My ACCU 2016 keynote video available online

Thu May 19 05:04:31 PDT 2016

On 5/19/16 4:12 AM, Jens Müller wrote:
> The code applying the sentinel optimization assumes mutability of
> the input. That needs to be checked for.

Indeed. As I mentioned after discussing find, I didn't worry about those 
checks assuming they were obvious.

> That's fine for partition
> because that is assumed to be in-place. But for other algorithms it's
> not so obvious. It's sad that the optimization works only for
> non-const input.

Several optimizations only apply to mutable data. Others apply to 
immutable data. It's the way things go.

> I didn't get the idea behind sentinels for sparse dot product. I picked the
> smallest of the last elements (so you need bidirectional ranges) and fix
> up as
> needed. For gdc I get a speedup (baseline over new implementation) of
> 1.2 in
> best case and >1.0 in worst case. On average it's about 1.1 I would say. I
> expected more. How would you approach sentinels with the sparse dot
> product. Can
> you elaborate the idea from the video? I didn't get it.

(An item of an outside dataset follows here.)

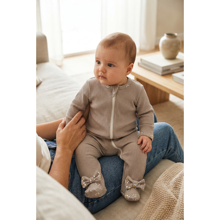 На ножках милые декоративные бантики добавляют очарования. Комбинезон застегивается на удобную молнию, а защитный язычок на горловине предотвратит царапины нежной кожи. Антицарапки на ручках у комбинезона в размере 56-62 защитят малыша от случайных царапин. Размер 62-68 и 68-74 швы внутрь, ножки закрыты.

That's the idea - to only need to bounds check on one of the three 
possibilities.

What test data did you use?

10%-20% win on dot product is significant because for many algorithms 
dot product is a kernel and dominates everything else. For those any win 
goes straight to the bottom line.

> The base line (dot1 in the graphs) is the straightforward version
>
> ---
> size_t i,j = 0;
> double sum = 0;
> while (i < a.length && j < b.length)
> {
>      if (a[i].index < b[j].index) i++;
>      else if (a[i].index > b[j].index) j++;
>      else
>      {
>          assert(a[i].index == b[j].index);
>          sum += a[i].value * b[j].value;
>          i++;
>          j++;
>      }
> }
> return sum;
> ---

That does redundant checking. There's a better baseline:

---
if (a.length == 0 || b.length == 0)
     return 0;
const amax = a.length - 1, bmax = b.length - 1;
size_t i,j = 0;
double sum = 0;
for (;;)
{
     if (a[i].index < b[j].index) {
         if (i++ == amax) break;
     }
     else if (a[i].index > b[j].index) {
         bumpJ: if (j++ == bmax) break;
     }
     else
     {
         assert(a[i].index == b[j].index);
         sum += a[i].value * b[j].value;
         if (i++ == amax) break;
         goto bumpJ;
     }
}
return sum;
---

Then if you add the sentinel you only need the bounds tests in the third 
case.

> BTW the effects vary greatly for different compilers.
> For example with dmd the optimized version is slowest. The baseline is
> best. Weird. With gdc the optimized is best and gdc's code is always
> faster than dmd's code. With ldc it's really strange. Slower than dmd. I
> assume I'm doing something wrong here.
>
> Used compiler flags
> dmd v2.071.0
> -wi -dw -g -O -inline -release -noboundscheck
> gdc (crosstool-NG 203be35 - 20160205-2.066.1-e95a735b97) 5.2.0
> -Wall  -g -O3 -fomit-frame-pointer -finline-functions -frelease
> -fno-bounds-check -ffast-math
> ldc (0.15.2-beta2) based on DMD v2.066.1 and LLVM 3.6.1
> -wi -dw -g -O3 -enable-inlining -release -boundscheck=off
>
> Am I missing some flags?

These look reasonable.

> I uploaded my plots.
> - running time https://www.scribd.com/doc/312951947/Running-Time
> - speed up https://www.scribd.com/doc/312951964/Speedup

What is dot2? Could you please redo the experiments with the modified 
code as well?

Thanks!

Andrei